OpenSIPS would temporarily disable a feature dependent on an external CacheDB store if that store is not responsive.

Relevant System Logs

ERROR:dialog:set_dlg_profile: failed to link dialog profile 'XXXXX', ci: c91c188f-7b28-4bd7-8575-8acb96e097c1
ERROR:dialog:link_dlg_profile: cannot insert profile into CacheDB
ERROR:dialog:get_profile_size: cannot fetch profile from CacheDB
ERROR:dialog:get_profile_size: error while fetching cachedb key
ERROR:dialog:w_set_dlg_profile: failed to set profile
ERROR:dialog:destroy_linker: cannot remove profile from CacheDB
ERROR:dialog:ensure_leg_array: oom
ERROR:dialog:new_dlg_val: no more shm mem
ERROR:dialog:store_dlg_value_unsafe: failed to create new dialog value
ERROR:dialog:pv_set_dlg_val: failed to store dialog values

OS/environment information Operating System: amazon-linux OpenSIPS installation: other relevant information:

Additional context

Matt-Hapner commented 2 years ago

tagging @bogdan-iancu for visibility

liviuchircu commented 2 years ago

Hi, @Matt-Hapner and thank you for the report! Let's first clarify some missing pieces regarding your test scenario, so we better emphasize the core issue:

Matt-Hapner commented 2 years ago

Hi @liviuchircu, sure thing - thanks for the thorough analysis so far. I'll display the information for our entire system as well as per the individual instances...

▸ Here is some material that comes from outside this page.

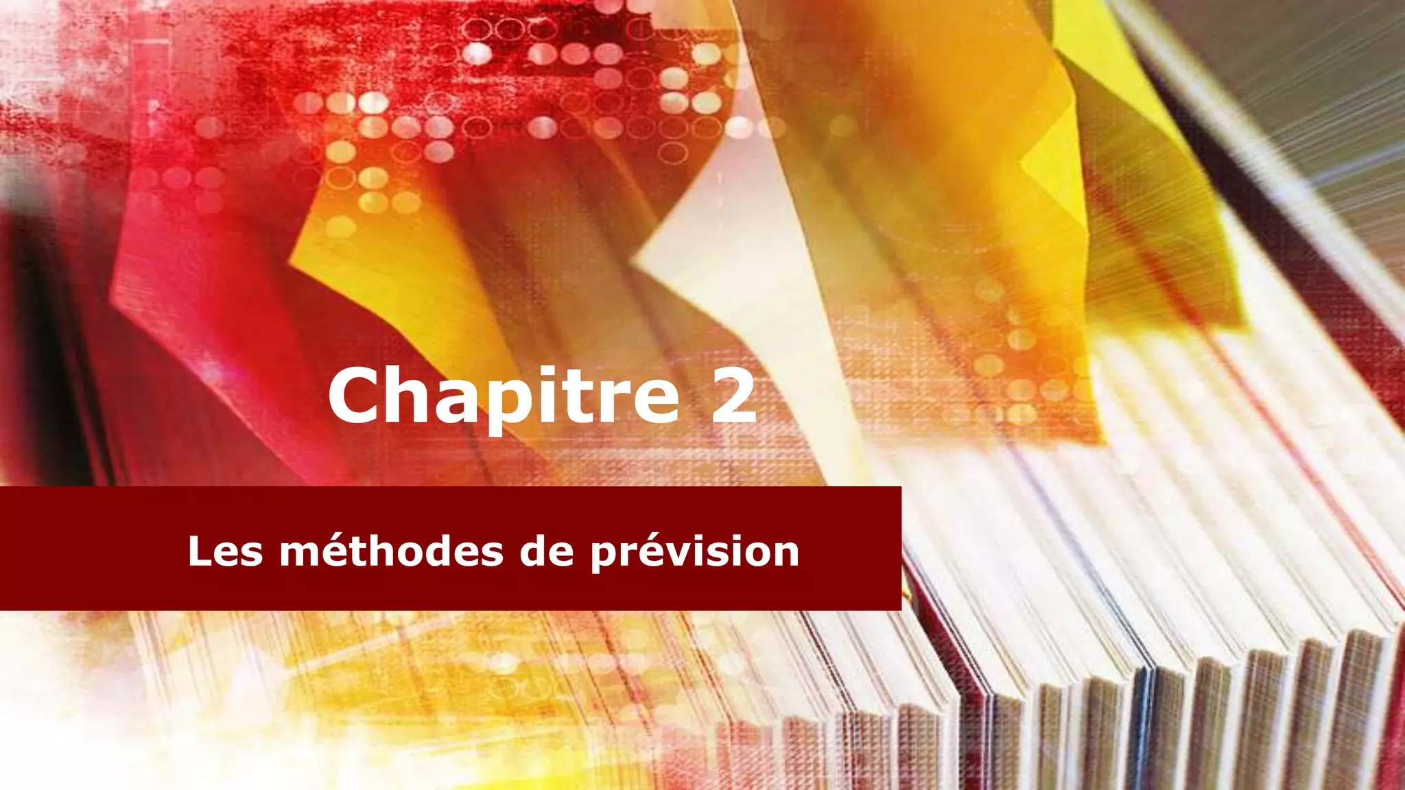 Le chapitre traite des méthodes de prévision, soulignant leur importance pour les entreprises afin de s'ajuster à la demande future. Il détaille les horizons de prévision (court, moyen et long terme) et présente des techniques qualitatives et quantitatives pour estimer la demande, incluant la régression, les séries chronologiques et la méthode Delphi. Enfin, il aborde la décomposition des séries temporelles pour analyser les tendances, saisonnalités et autres facteurs influents.

Some of the queries to Redis would've exceeded the 1000ms timeout as there was some "jitter" in the tests (i.e. the latency per request ranged from 750ms - 1250ms). Would it be worthwhile to develop some sort of circuit breaker feature that would disable pulling new data from the CacheDB backend when the timeout is exceeded a certain number of times?

liviuchircu commented 2 years ago

I think this "circuit breaker" feature can potentially create more problems than it solves. For example, imagine if the feature would activate at some point for, say 30 seconds, after which the Redis is "re-plugged" in an attempt to see if it works better (at some point, you have to re-plug it anyway). Meanwhile, several hundred dialogs have closed, but Redis was "temporarily disabled", so the "subtract" operations were skipped for the Redis call profiles. Now you have hanging profile counters in Redis... good luck debugging those!

My advice would be to use the native clustering support in order to share call profiles across the OpenSIPS nodes of your platform. There are a multitude of advantages:

github-actions[bot] commented 2 years ago

Any updates here? No progress has been made in the last 15 days, marking as stale. Will close this issue if no further updates are made in the next 30 days.

github-actions[bot] commented 1 year ago

Marking as closed due to lack of progress for more than 30 days. If this issue is still relevant, please re-open it with additional details.